Roughly $361bn of higher-rated, investment grade bonds have been upgraded in the past two months, including a record $184bn in June, according to data from Bank of America.

The brisk pace shows credit rating agencies such as S&P Global, Moody’s and Fitch believe the economic recovery spurred by vaccine rollouts has made corporate debt piles more manageable. It also reflects the abundant liquidity and low borrowing costs available to many companies, in part thanks to monetary stimulus from the Federal Reserve.

“I don’t think you could have anticipated the vaccine, the economic growth, and the strong availability of really low-rated debt,” said Christina Padgett, senior vice-president of Moody’s Corporate Finance Group. 

Rating agencies, which had been chastised after the 2008 financial crisis for giving pristine grades to bonds that ultimately defaulted, moved swiftly during the pandemic to downgrade their assessments on swaths of debt.

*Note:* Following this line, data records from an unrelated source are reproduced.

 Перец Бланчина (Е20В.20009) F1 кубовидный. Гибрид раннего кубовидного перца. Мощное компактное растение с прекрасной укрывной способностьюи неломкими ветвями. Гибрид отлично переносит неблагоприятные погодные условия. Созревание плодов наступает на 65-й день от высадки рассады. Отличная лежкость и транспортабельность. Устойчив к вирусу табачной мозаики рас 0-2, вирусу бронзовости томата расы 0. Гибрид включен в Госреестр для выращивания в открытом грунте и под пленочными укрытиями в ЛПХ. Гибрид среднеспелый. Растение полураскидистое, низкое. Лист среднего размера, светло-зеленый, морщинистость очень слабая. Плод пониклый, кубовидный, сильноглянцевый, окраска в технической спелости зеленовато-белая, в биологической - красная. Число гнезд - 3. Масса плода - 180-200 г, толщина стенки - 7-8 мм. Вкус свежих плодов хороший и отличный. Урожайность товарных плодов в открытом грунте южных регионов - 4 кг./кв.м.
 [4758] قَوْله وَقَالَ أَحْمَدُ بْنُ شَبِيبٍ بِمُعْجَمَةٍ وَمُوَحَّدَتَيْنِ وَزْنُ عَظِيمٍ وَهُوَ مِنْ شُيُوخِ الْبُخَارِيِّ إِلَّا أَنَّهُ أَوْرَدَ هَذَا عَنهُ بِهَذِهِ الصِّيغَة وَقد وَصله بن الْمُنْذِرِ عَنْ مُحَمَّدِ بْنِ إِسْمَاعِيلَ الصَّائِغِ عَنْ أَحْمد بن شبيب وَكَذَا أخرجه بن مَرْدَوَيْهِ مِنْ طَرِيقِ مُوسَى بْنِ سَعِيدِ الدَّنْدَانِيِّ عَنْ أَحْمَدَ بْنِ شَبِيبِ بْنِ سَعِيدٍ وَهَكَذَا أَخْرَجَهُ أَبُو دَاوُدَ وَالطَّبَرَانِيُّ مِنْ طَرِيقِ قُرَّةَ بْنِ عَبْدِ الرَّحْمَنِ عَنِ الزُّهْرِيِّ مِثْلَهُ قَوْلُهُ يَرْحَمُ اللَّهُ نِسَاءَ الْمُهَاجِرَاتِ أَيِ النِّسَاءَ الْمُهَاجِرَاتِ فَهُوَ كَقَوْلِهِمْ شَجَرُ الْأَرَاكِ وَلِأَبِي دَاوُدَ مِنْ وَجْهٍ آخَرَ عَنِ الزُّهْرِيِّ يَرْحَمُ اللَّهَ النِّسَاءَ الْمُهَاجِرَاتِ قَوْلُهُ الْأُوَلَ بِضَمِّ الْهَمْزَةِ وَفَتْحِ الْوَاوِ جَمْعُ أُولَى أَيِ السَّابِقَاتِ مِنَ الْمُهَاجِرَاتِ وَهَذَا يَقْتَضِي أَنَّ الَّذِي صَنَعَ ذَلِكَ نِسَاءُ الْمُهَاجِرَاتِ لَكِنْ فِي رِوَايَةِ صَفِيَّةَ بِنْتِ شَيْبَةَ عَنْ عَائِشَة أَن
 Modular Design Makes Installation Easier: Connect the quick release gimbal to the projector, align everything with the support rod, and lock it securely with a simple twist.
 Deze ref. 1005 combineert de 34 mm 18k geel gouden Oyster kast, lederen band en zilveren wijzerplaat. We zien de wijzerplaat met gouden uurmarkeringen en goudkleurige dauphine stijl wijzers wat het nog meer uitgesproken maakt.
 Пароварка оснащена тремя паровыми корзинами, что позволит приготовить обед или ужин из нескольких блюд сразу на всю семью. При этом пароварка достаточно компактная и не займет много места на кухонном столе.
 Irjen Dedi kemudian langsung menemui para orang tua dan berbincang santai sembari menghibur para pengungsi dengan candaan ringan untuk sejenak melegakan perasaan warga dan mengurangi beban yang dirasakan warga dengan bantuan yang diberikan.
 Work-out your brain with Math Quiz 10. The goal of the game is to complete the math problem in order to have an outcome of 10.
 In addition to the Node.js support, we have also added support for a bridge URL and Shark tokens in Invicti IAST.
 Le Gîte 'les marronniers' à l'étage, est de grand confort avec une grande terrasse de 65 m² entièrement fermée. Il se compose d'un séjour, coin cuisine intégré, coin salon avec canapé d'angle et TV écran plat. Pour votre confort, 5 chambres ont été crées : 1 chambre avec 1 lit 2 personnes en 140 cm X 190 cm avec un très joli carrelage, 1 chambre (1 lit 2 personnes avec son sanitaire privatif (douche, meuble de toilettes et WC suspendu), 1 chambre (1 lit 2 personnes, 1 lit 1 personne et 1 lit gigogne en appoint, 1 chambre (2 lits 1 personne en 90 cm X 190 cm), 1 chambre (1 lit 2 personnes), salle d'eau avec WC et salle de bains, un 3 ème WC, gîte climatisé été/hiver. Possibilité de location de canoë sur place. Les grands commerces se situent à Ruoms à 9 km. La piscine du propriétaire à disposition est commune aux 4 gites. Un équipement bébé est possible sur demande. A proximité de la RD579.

Ratings on nearly $1tn of US investment grade corporate debt were cut in March and April of 2020, the BofA data showed, out of about $7.6tn outstanding.

The US economy, which shrank 3.5 per cent last year, is forecast to grow about 6.6 per cent in 2021, according to a Bloomberg survey of economists. Profits for S&P 500 companies are projected to rise more than 60 per cent in the second quarter from the same period last year, when economic activity stalled, according to Refinitiv data collating analysts’ forecasts.

As prospects are improving for investment grade bonds, so too are those for riskier junk-rated companies. Analysts at Citigroup predicted $200bn of corporate debt will rise to investment grade by the end of 2022. Already, $18bn worth of junk debt has been lifted up the ratings ladder to investment grade so far this year, the bank’s data showed.

“It’s like something that I have not seen in my time [in the industry],” said Michael Anderson, a credit strategist at Citigroup. “After the financial crisis we didn’t get major companies moving back to investment grade so quickly.”

In recent months, junk-rated companies have enjoyed all-time low borrowing rates, and even cash-strapped groups have had access to capital to outlast a dip in earnings. 

The pace of upgrades has drawn some criticism from analysts and investors who believe the cuts last year were a disproportionate response to the pandemic. 

“The wave of downgrades was probably too severe,” said Yuri Seliger, a credit strategist at Bank of America.

However, big rating agencies have rejected that notion, pointing out many countries suffered recessions last year. Emily Wadhwani, a senior director at Fitch Ratings, said they were “proactive in their ratings” as they pertained to the pandemic.

Strategists at Moody’s said that almost three-quarters of all downgrades at the outset of the health crisis affected companies that were already struggling, noting that liquidity concerns and vulnerable business models as a result of the pandemic were also drivers.

“None of us felt like in March, April, May [last year] that the market was going to come roaring back,” said Padgett, “and all these weakly positioned companies were suddenly going to have all the debt that they needed and then some.”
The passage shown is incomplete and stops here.